Task description: Restate the lines word for word, from the first line of the records through the line containing "This man in". Leave out the pictures and anything after that line.

Dataset entries:
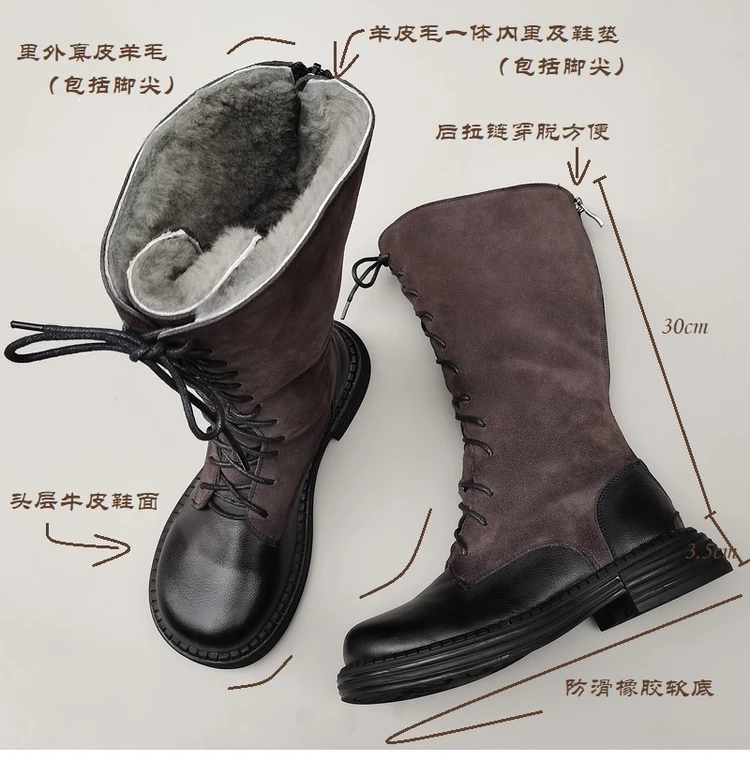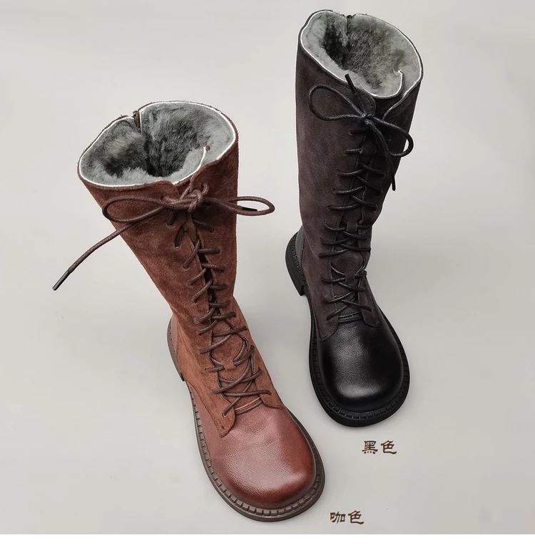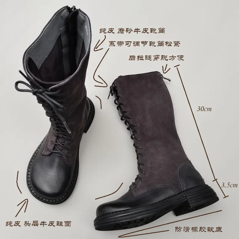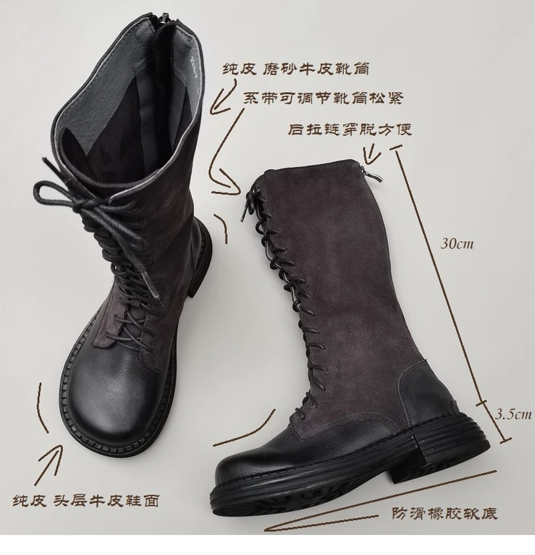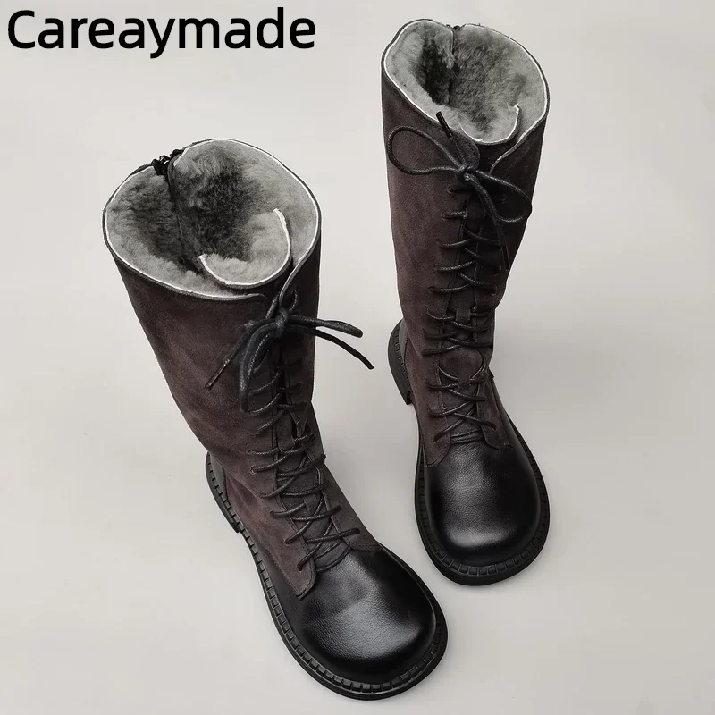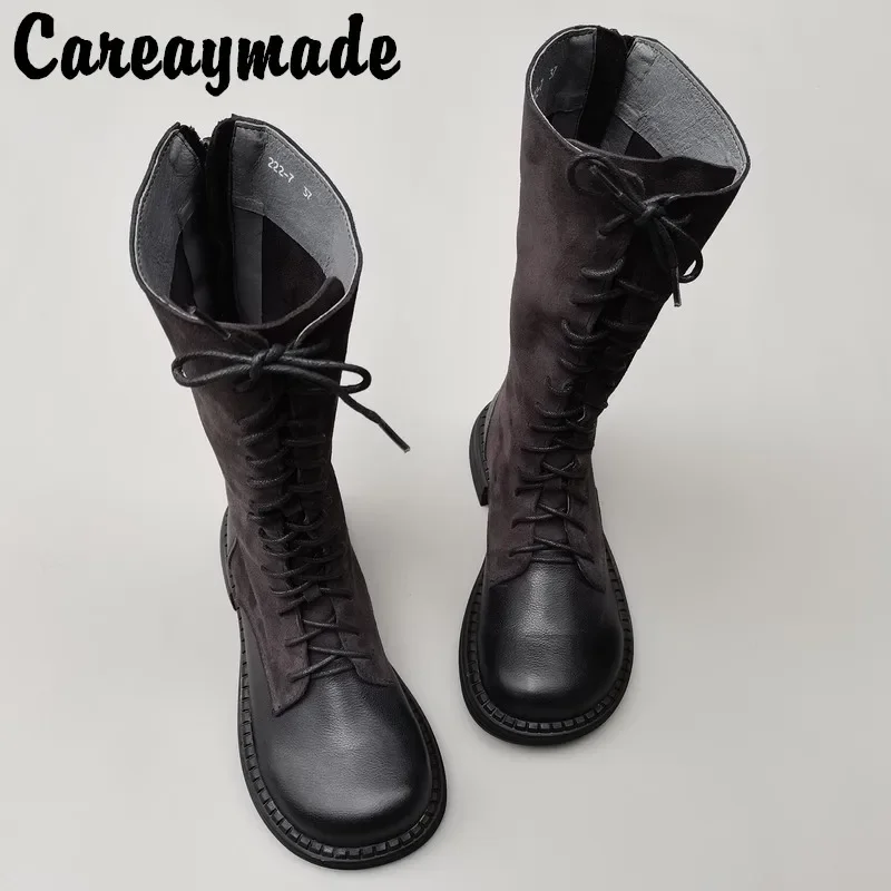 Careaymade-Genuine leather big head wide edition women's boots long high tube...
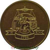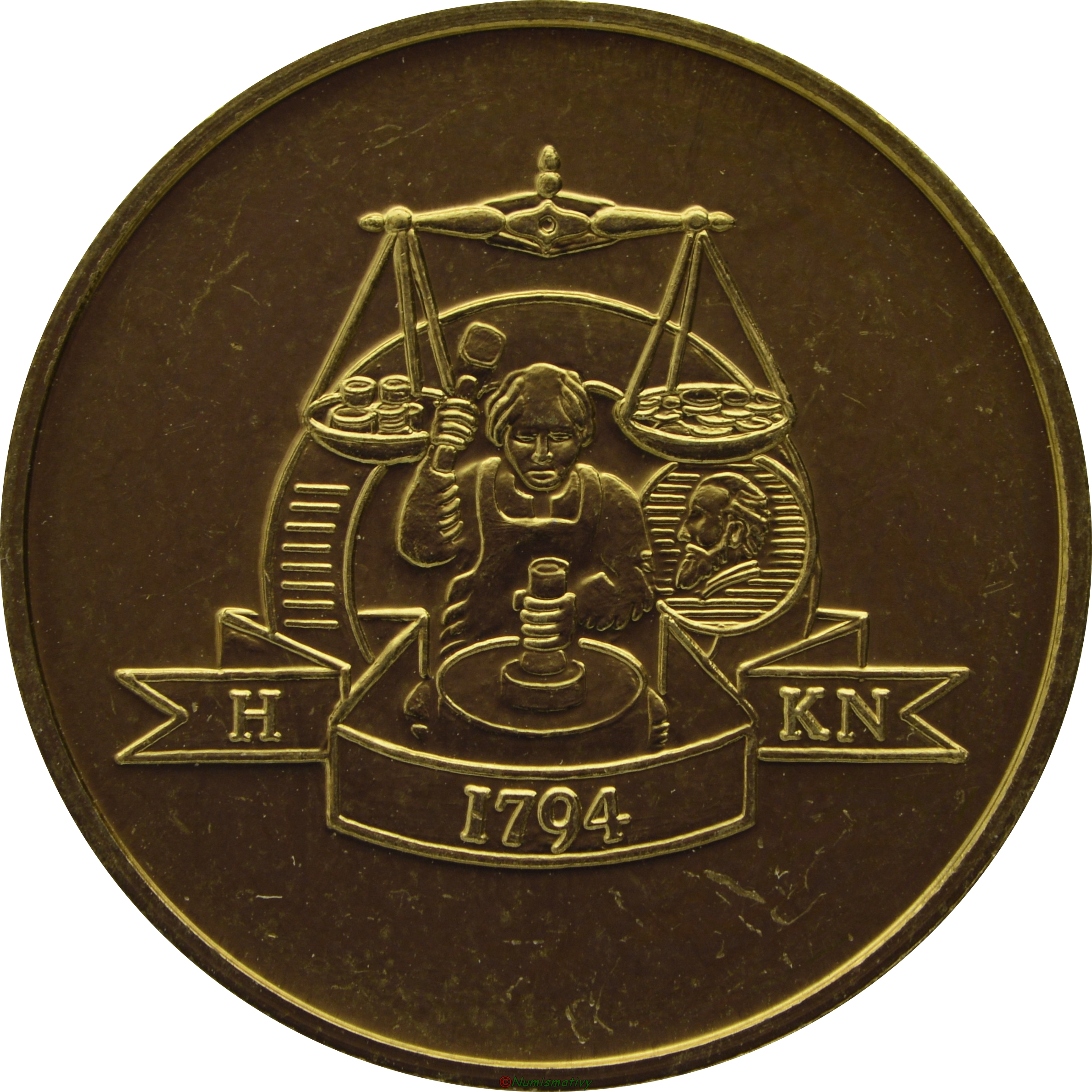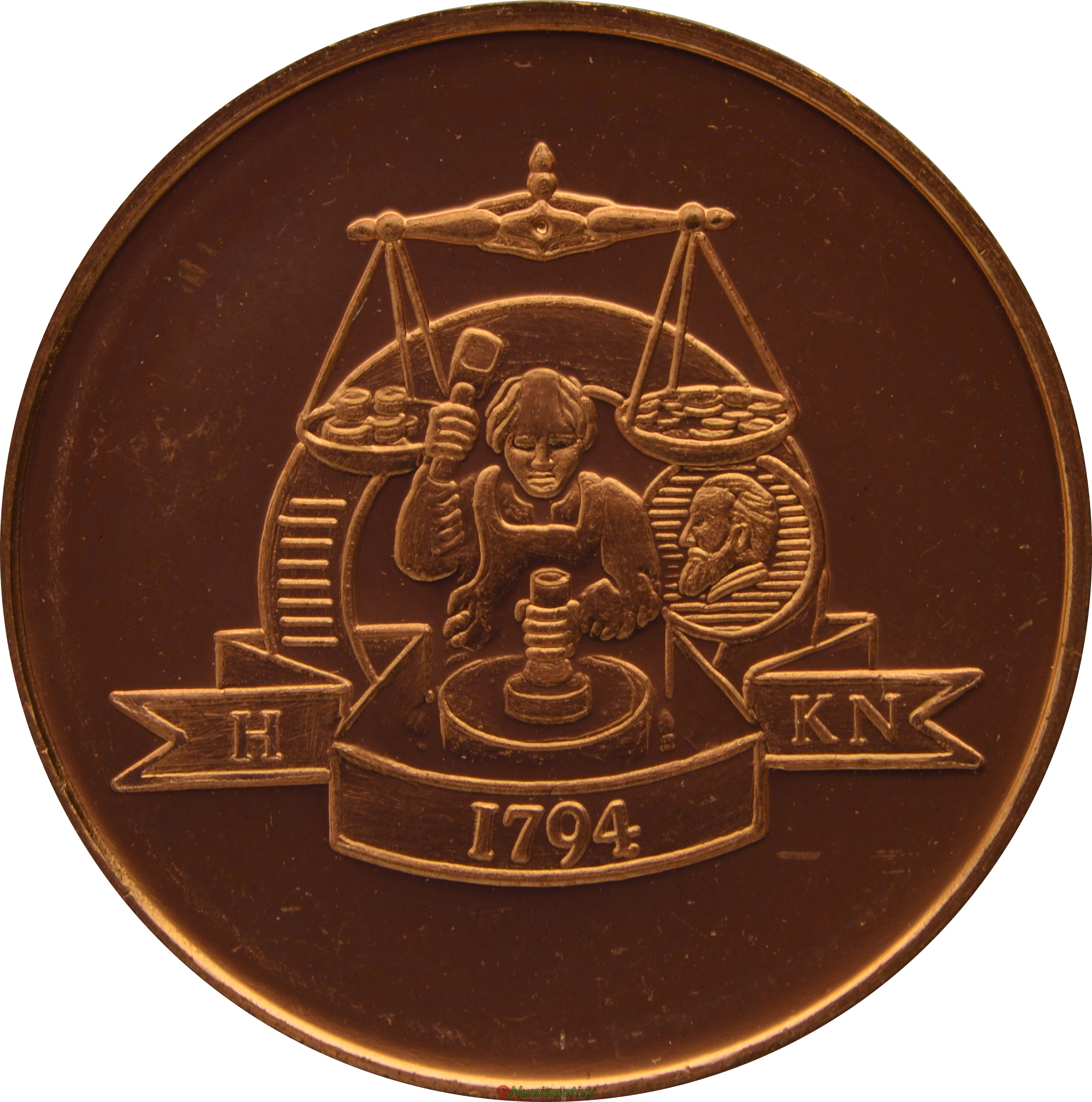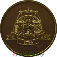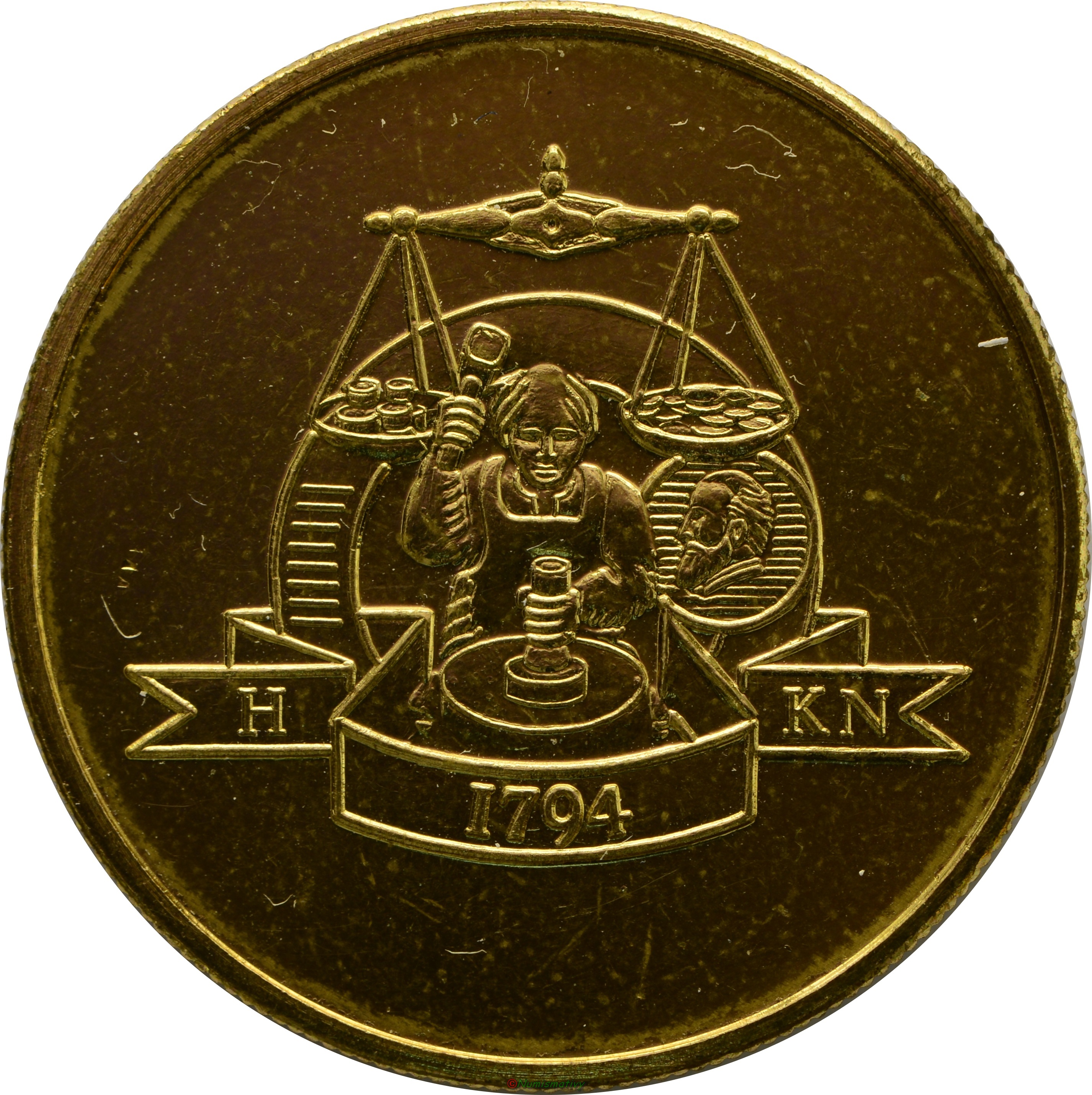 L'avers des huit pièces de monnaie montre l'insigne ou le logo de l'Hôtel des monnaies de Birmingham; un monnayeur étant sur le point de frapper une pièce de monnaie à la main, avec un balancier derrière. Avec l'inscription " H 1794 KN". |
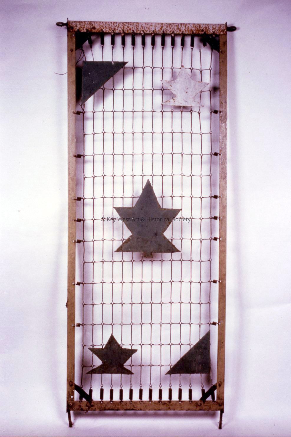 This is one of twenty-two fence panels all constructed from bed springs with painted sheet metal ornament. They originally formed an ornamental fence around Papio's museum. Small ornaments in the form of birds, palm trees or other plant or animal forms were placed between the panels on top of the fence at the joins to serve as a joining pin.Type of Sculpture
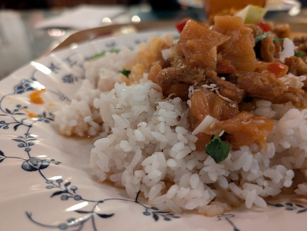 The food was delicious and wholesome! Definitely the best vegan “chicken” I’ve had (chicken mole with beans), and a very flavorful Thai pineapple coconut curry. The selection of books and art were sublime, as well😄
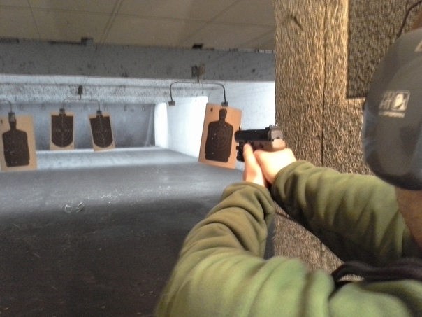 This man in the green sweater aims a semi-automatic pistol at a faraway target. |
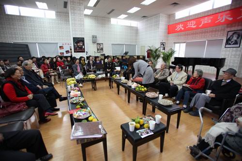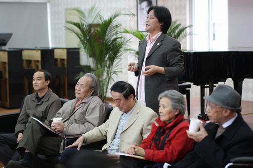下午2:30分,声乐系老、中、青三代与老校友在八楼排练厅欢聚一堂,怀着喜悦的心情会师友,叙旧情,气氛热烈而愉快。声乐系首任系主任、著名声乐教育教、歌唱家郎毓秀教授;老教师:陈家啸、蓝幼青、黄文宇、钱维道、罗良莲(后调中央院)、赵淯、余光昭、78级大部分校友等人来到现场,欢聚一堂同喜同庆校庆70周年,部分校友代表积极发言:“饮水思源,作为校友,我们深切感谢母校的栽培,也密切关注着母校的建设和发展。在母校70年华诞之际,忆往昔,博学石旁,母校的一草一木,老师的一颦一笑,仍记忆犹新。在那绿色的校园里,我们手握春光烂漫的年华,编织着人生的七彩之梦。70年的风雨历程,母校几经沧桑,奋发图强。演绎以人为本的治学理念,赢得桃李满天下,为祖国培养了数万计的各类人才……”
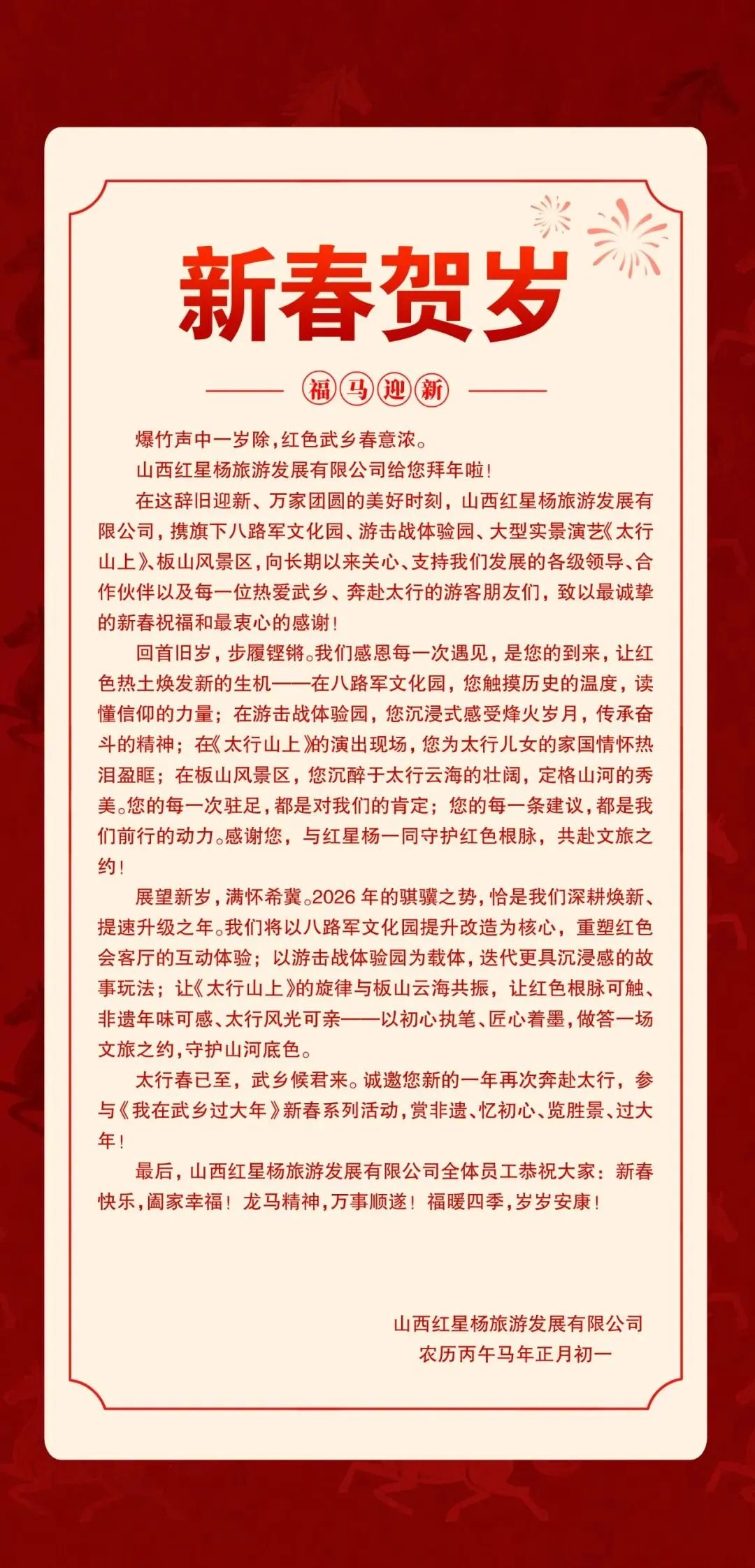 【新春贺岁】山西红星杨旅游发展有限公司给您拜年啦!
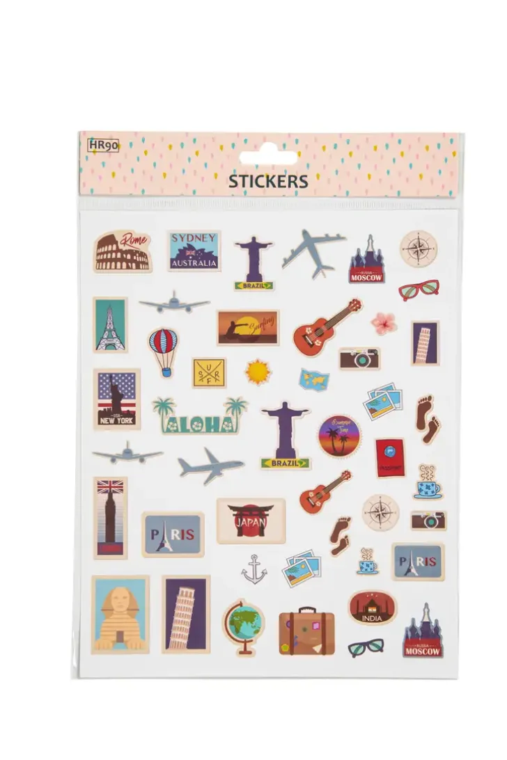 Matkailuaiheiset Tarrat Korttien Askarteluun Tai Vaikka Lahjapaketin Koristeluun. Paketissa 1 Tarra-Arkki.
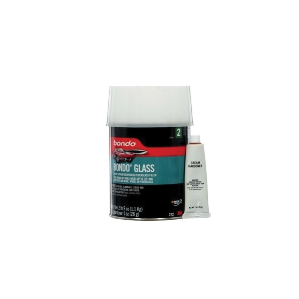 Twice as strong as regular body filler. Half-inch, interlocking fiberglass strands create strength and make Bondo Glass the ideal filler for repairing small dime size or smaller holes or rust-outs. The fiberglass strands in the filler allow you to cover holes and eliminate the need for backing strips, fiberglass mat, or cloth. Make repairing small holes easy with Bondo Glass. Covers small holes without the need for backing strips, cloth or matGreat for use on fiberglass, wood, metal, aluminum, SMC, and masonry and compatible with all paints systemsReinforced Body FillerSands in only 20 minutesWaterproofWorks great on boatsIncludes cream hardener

Exercise answer:
 Careaymade-Genuine leather big head wide edition women's boots long high tube...
 L'avers des huit pièces de monnaie montre l'insigne ou le logo de l'Hôtel des monnaies de Birmingham; un monnayeur étant sur le point de frapper une pièce de monnaie à la main, avec un balancier derrière. Avec l'inscription " H 1794 KN". |
 This is one of twenty-two fence panels all constructed from bed springs with painted sheet metal ornament. They originally formed an ornamental fence around Papio's museum. Small ornaments in the form of birds, palm trees or other plant or animal forms were placed between the panels on top of the fence at the joins to serve as a joining pin.Type of Sculpture
 The food was delicious and wholesome! Definitely the best vegan “chicken” I’ve had (chicken mole with beans), and a very flavorful Thai pineapple coconut curry. The selection of books and art were sublime, as well😄
 This man in the green sweater aims a semi-automatic pistol at a faraway target. |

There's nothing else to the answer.